DDA - TMT¶
This tutorial demonstrates how to analyze Tandem Mass Tag (TMT) labeled data from data-dependent acquisition (DDA) using msmu package.
Data Preparation¶
Original dataset is from PXD013361 (Magnusson et al., 2019) and the search was performed with Sage v0.14.7.
For demonstration purposes, the example dataset has been trimmed to include only 5,000 PSMs.
base_dir = "https://raw.githubusercontent.com/bertis-informatics/msmu/refs/heads/main/data/sage_tmt"
sage_idents = f"{base_dir}/sage/results.sage.tsv"
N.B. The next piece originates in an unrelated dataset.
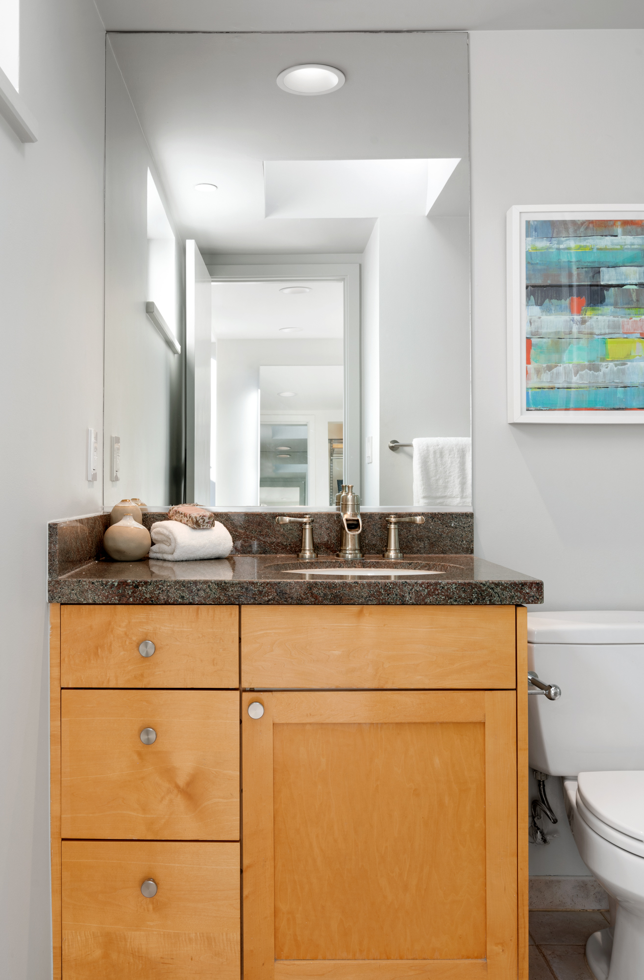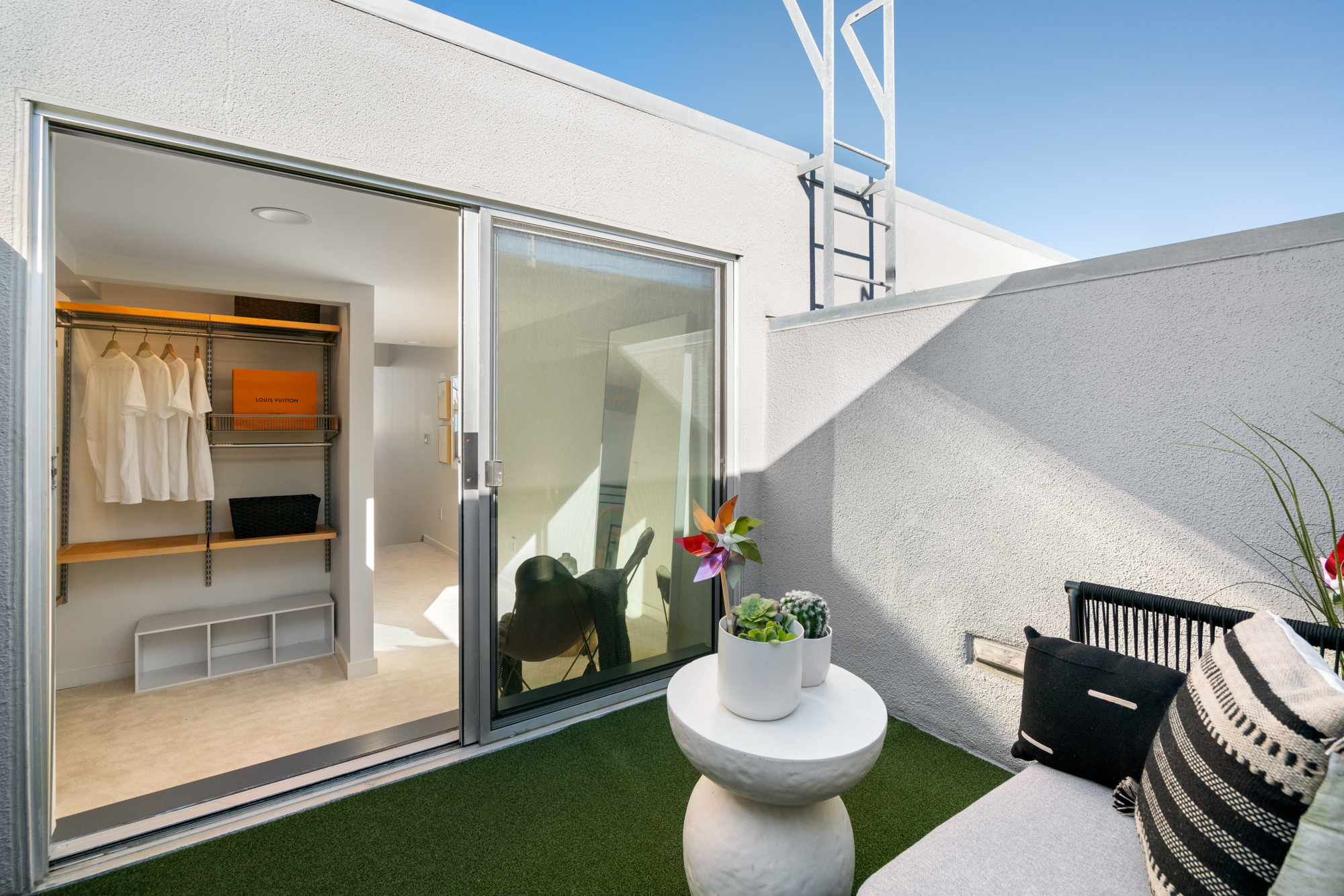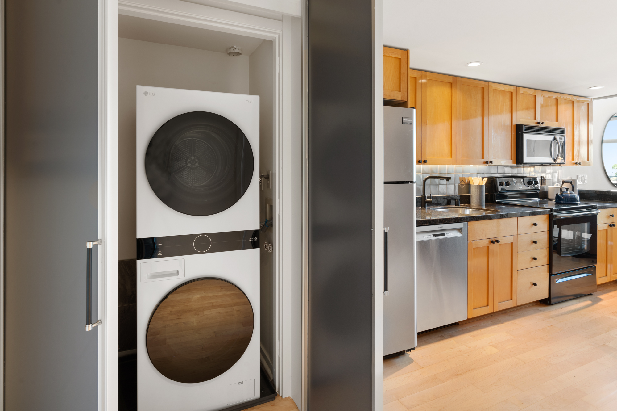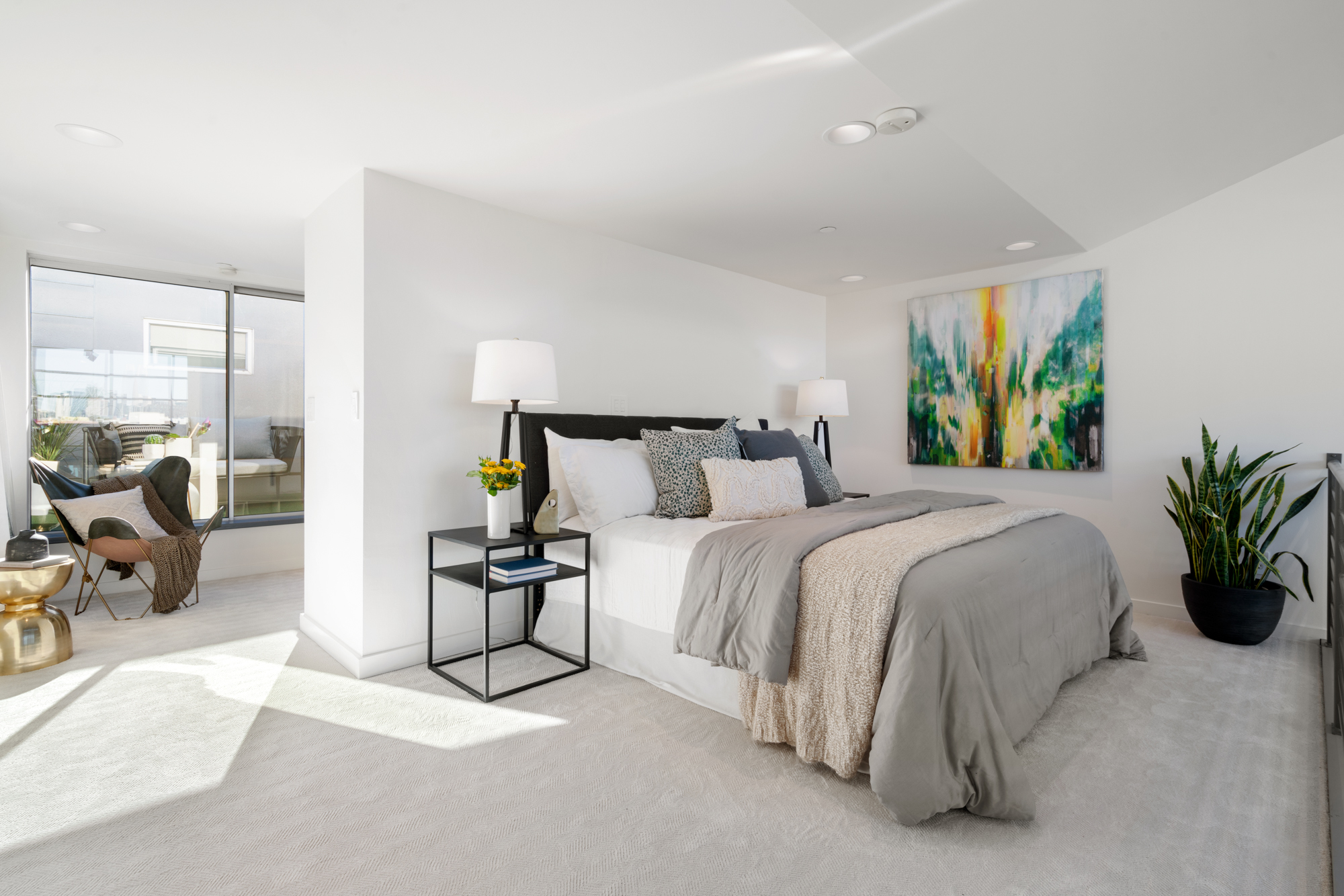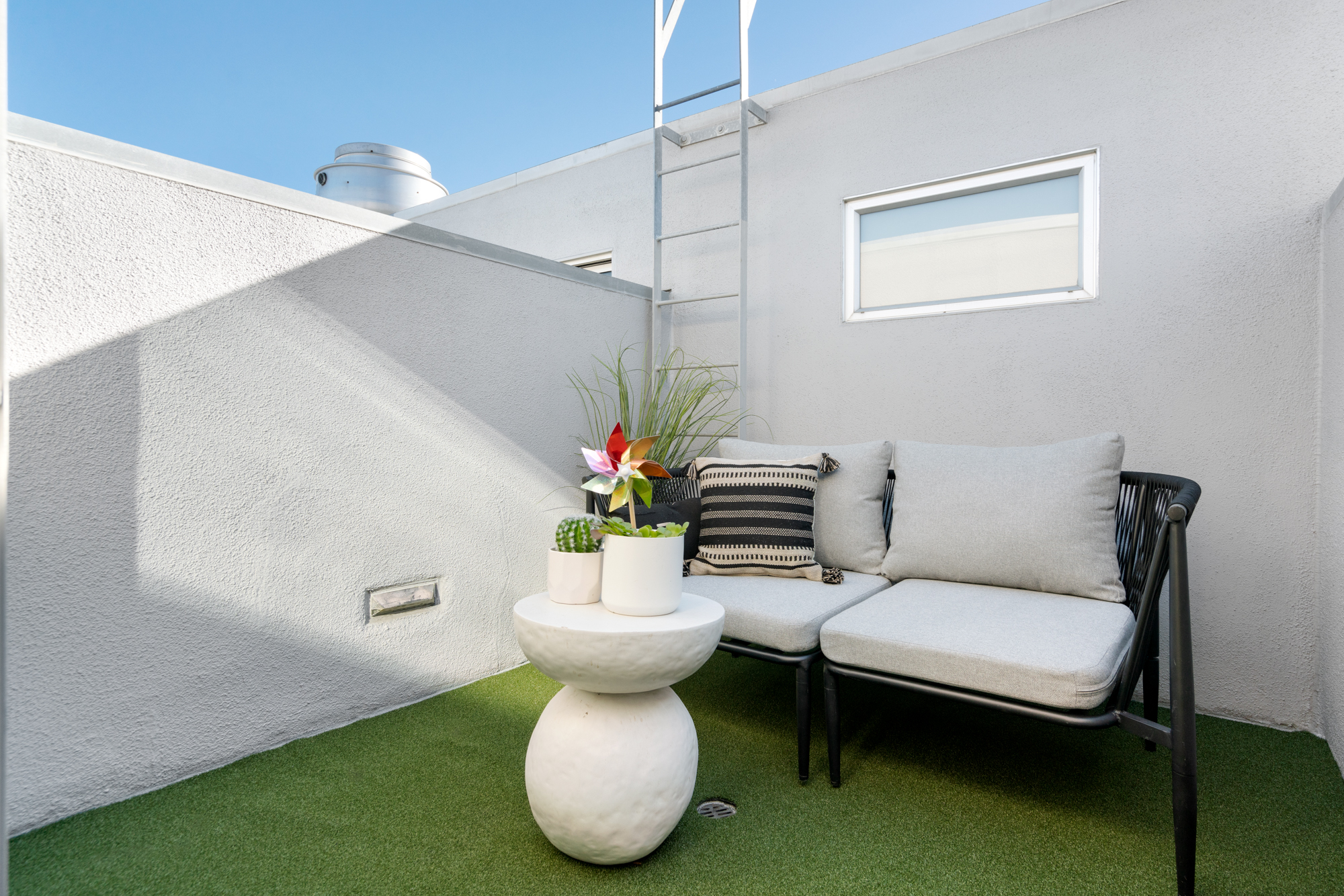 Upstairs, the loft level offers a spacious bedroom retreat with plush carpeting, LED-lit closets, a skylit ensuite bathroom, and access to a private courtyard—a serene outdoor space perfect for relaxation. Thoughtful updates throughout the home include luxe maple floors, modern LED lighting with Lutron dimmers, a smart ceiling fan, and a new LG washer/dryer.

sage_quants = f"{base_dir}/sage/tmt.tsv"
meta = f"{base_dir}/meta.csv"
Load Required Packages¶
If you haven't installed the
msmupackage yet, please follow the installation guide.
import msmu as mm
import pandas as pd
import plotly.io as pio
pio.renderers.default = "png"
Determination of memory status is not supported on this platform, measuring for memoryleaks will never fail
Read Data¶
You can read data from various proteomics software outputs. Below are examples for Sage, MaxQuant, and FragPipe formats.
For this tutorial, we will use the Sage output as an example.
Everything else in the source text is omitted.